首页 > 美文阅读

Stochastic gradient boosting

更新时间:2023-07-18 08:17:32 阅读：评论：0

怎么样做灯笼

Computational Statistics&Data Analysis38(2002)367–378

/locate/csda Stochastic gradient boosting

Jerome H.Friedman

Department of Statistics and Stanford Linear Accelerator Center,Stanford University,

Stanford,CA94305,USA

Abstract

Gradient boosting constructs additive regression models by quentiallyÿtting a simple parame-terized function(ba learner)to current“pudo”-residuals by least squares at each iteration.The pudo-residuals are the gradient of the loss functional being minimized,with respect to the model values at each training data point evaluated at the current step.It is shown that both the approximation accuracy and execution speed of gradient boosting can be substantially improved by incorporating ran-domization into the procedure.Speciÿcally,at each iteration a subsample of the training data is drawn at random(without replacement)from the full training data t.This randomly lected subsample is then ud in place of the full sample toÿt the ba learner and compute the m

odel update for the current iteration.This randomized approach also increas robustness against overcapacity of the ba learner.c 2002Elvier Science B.V.All rights rerved.

1.Gradient boosting

In the function estimation problem one has a system consisting of a random“out-put”or“respon”variable y and a t of random“input”or“explanatory”variables x={x1;:::;x n}.Given a“training”sample{y i;x i}N1of known(y;x)values,the goal is toÿnd a function F∗(x)that maps x to y,such that over the joint distribution of all(y;x)values,the expected value of some speciÿed loss function (y;F(x))is minimized

F∗(x)=arg min

F(x)

E y;x (y;F(x)):(1) Boosting approximates F∗(x)by an“additive”expansion of the form

F(x)=

亚运征文tie的现在分词m=0

ÿm h(x;a m);(2)

0167-9473/02/$-e front matter c 2002Elvier Science B.V.All rights rerved.
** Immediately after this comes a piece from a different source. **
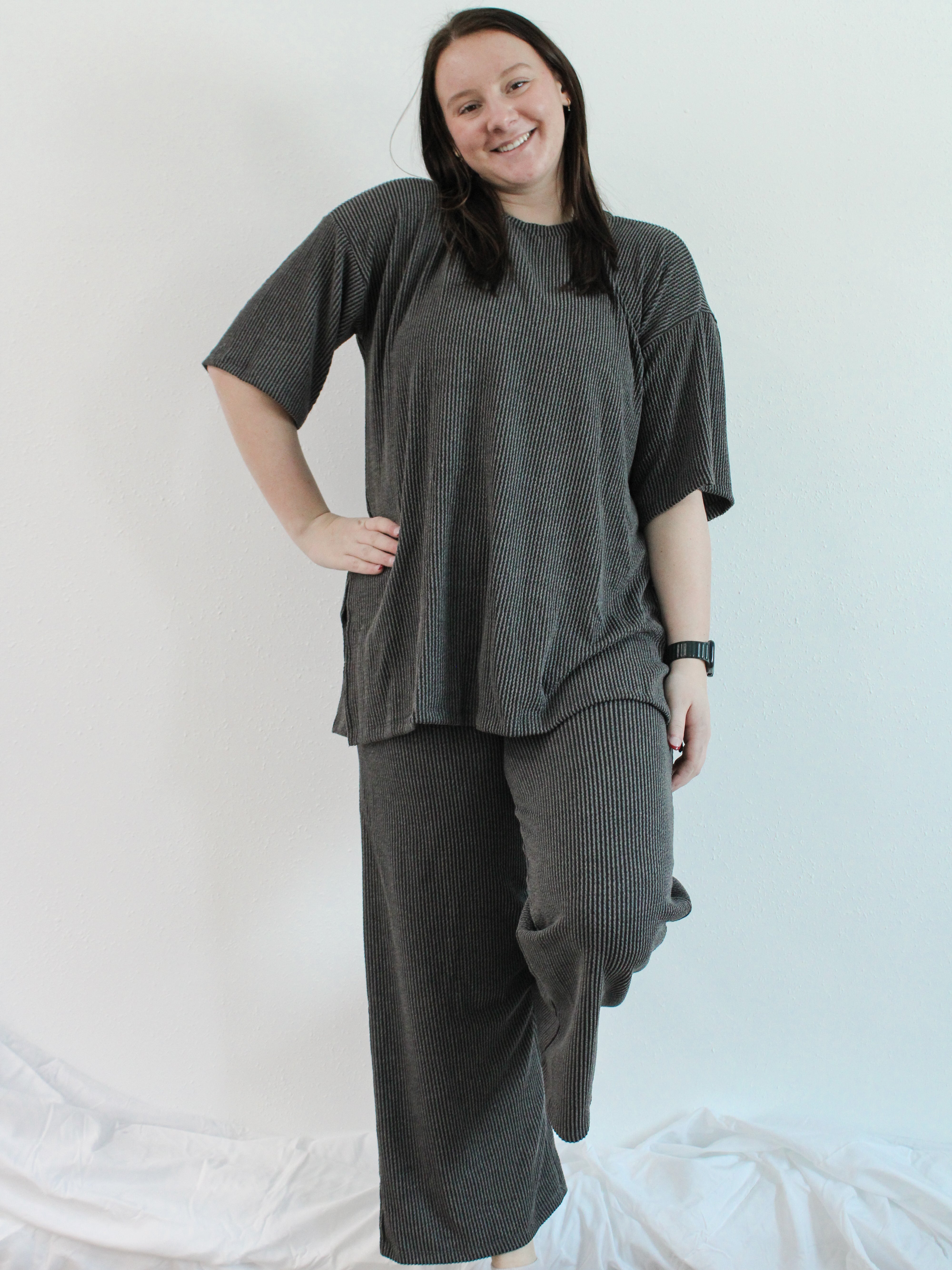 VEDA REG/CURVY RIBBED 2-PIECE LOUNGE SET BY IVY & CO

PII:S0167-9473(01)00065-2

368J.H.Friedman /Computational Statistics &Data Analysis 38(2002)367–378

where the functions h (x ;a )(“ba learner”)are usually chon to be simple functions of x with parameters a ={a 1;a 2;:::}.The expansion coe cients {ÿm }M 0and the parameters {a m }M 0are jointly ÿt to the training data in a forward “stage wi”manner.One starts with an initial guess F 0(x ),and then for m =1;2;:::;M

(ÿm ;a m )=arg min ÿ;a N i −1 (y i ;F m −1(x i )+ÿh (x i ;a ))(3)

and

F m (x )=F m −1(x )+ÿm h (x ;a m ):(4)Gradient boosting (Friedman,1999)approximately solves (3)for arbitrary (dif-ferentiable)loss functions (y;F (x ))with a two step procedure.First,the function h (x ;a )is ÿt by least squares

a m =arg min a ; N i =1[˜y im − h (x i ;a )]2(5)
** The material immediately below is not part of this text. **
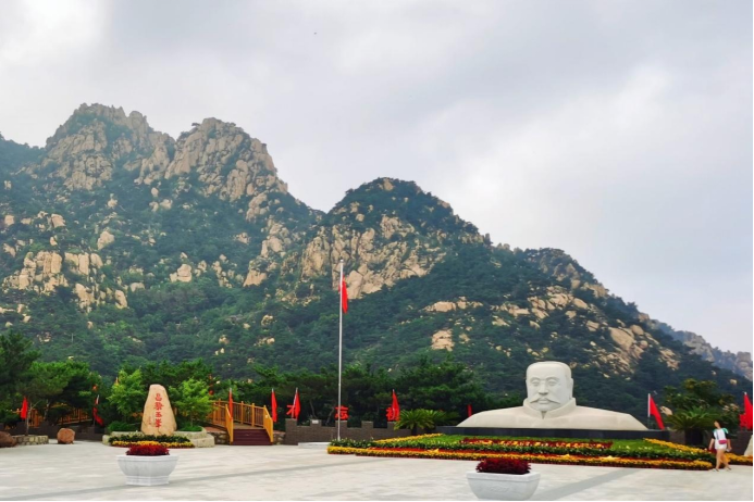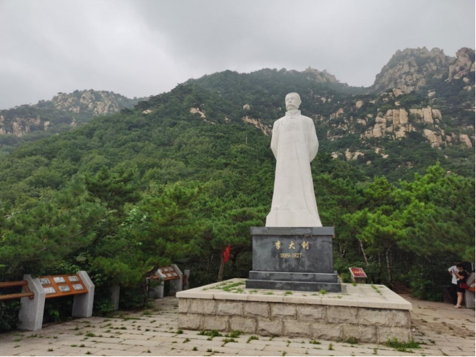 经讲解员介绍得知,“昌黎五峰”四个大字是李大钊先生1919年来五峰山时所题,右边是巨型花岗岩李大钊纪念像。李大钊先生在这里,写出了著名的与胡适论战的公开信《再论问题与主义》,一针见血地指出当是问题所在,宣扬自己的革命思想,为以后革命指引了思想道路。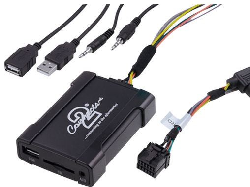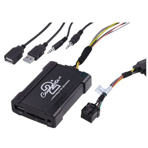 Adaptér umožňujúci pripojenie USB vstupu, AUX vstupu (3,5 JACK) a prehrávanie SD karty k OEM autorádiám s ovládaním CD meniča (na miesto pripojenia CD meniča). Ovládanie prehrávania hudby (výber skladby a CD) z USB príslušenstvo a SD karty pomocou OEM autorádia.

to the current “pudo”-residuals ˜y im =− @ (y i ;F (x i ))@F (x i ) F (x )=F m −1(x )

:(6)Then,given h (x ;a m ),the optimal value of the coe cient ÿm is determined

ÿm =arg min ÿN i =1 (y i ;F m −1(x i )+ÿh (x i ;a m )):(7)

空开头的四字成语

This strategy replaces a potentially di cult function optimization problem (3)by one bad on least squares (5),followed by a single parameter optimization (7)bad on the general loss criterion .Gradient tree boosting specializes this approach to the ca where the ba learner h (x ;a )is an L terminal node regression tree.At each iteration m ,a regression tree partitions the x space into L -disjoint regions {R lm }L l =1and predicts a parate constant value in each one

h (x ;{R lm }L 1)=L

l −1 y lm 1(x ∈R lm ):(8)

Here y lm =mean x i ∈R lm (˜y im )is the mean of (6)in each region R lm .The parameters of this ba learner are the splitting variables and corresponding split points deÿning the tree,which in turn 影托邦

deÿne the corresponding regions {R lm }L 1of the partition at the m th iteration.The are induced in a top-down “best-ÿrst”manner using a least squares splitting criterion (Friedman et al.,1998).With regression trees,(7)can be solved parately within each region R lm deÿned by the corresponding terminal node l of the m th tree.Becau tree (8)predicts a constant value y lm within each region R lm ,the solution to (7)reduces to a simple “location”estimate bad on the

J.H.Friedman /Computational Statistics &Data Analysis 38(2002)367–378369

criterion

lm =arg min x i ∈R lm (y i ;F m −1(x i )+ ):

The current approximation F m −1(x )is then parately updated in each corresponding region

F m (x )=F m −1(x )+ · lm 1(x ∈R lm ):

The “shrinkage”parameter 0¡ 61controls the learning rate of the procedure.Empirically (Friedman,1999),it was found that small values ( 60:1)lead to much better generalization error.This leads to the following algorithm for generalized boosting of decision trees:

Algorithm 1:Gradient TreeBoost 1F 0(x )=arg min N i −1 (y i ; ).2For m =1to M do:3˜y im =− @ (y i ;F (x i ))@F (x i ) F (x )=F m −1(x );i =1;N 4{R lm }L 1=L −terminal node tree ({˜y im ;x i }N 1)5 lm =arg min x i ∈R lm (y i ;F m −1(x i )+ )6F m (x )=F m −1(x )+ · lm 1(x ∈R lm )7endFor.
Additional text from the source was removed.